Their Explanation is given below from "Introduction to knot theory" of Richard H. Crowell.
And this was an example on them:
But I do not understand in the example, in the fifth line, from where we get this term $z(y^{-1} a)^{-1}$?
Also I do not understand How the last line of the example is reached from the line just before it, more precisely, why this term $z(y^{-1} a)^{-1}$ is removed?
Could anyone explain these questions for me please?
The word $z(y^{-1}a)^{-1}$ can be written as $y^{-1}(a(yz)^{-1})^{-1}y$, the conjugation of the inverse of $a(yz)^{-1}$ by $y^{-1}$. Recall that a consequence to a set of relations is any product of arbitrary conjugates of them (since the corresponding presented group is the quotient of a free group by the normal closure of the relations). Thus, move I applies.

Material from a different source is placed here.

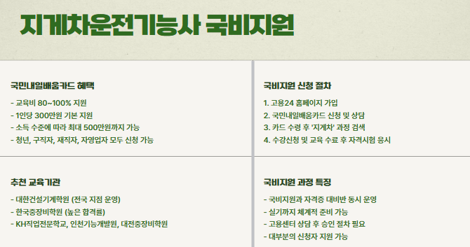 - 카드 수령 후 고용24에서 ‘지게차’ 과정 검색 및 수강신청

In the penultimate line, there is the relation $z(y^{-1}a)^{-1}$. This means that in the quotient group, $[z]=[y^{-1}a]$ (where I'm just using brackets to distinguish between the word $y^{-1}a$ in the free group and $[y^{-1}a]$ as its image in the presented group). Since this implies $z$ is determined by $y^{-1}$ and $a$, it is safe to replace all occurrences of $z$ in the presentation by $y^{-1}a$ and delete that generator, which is move II'.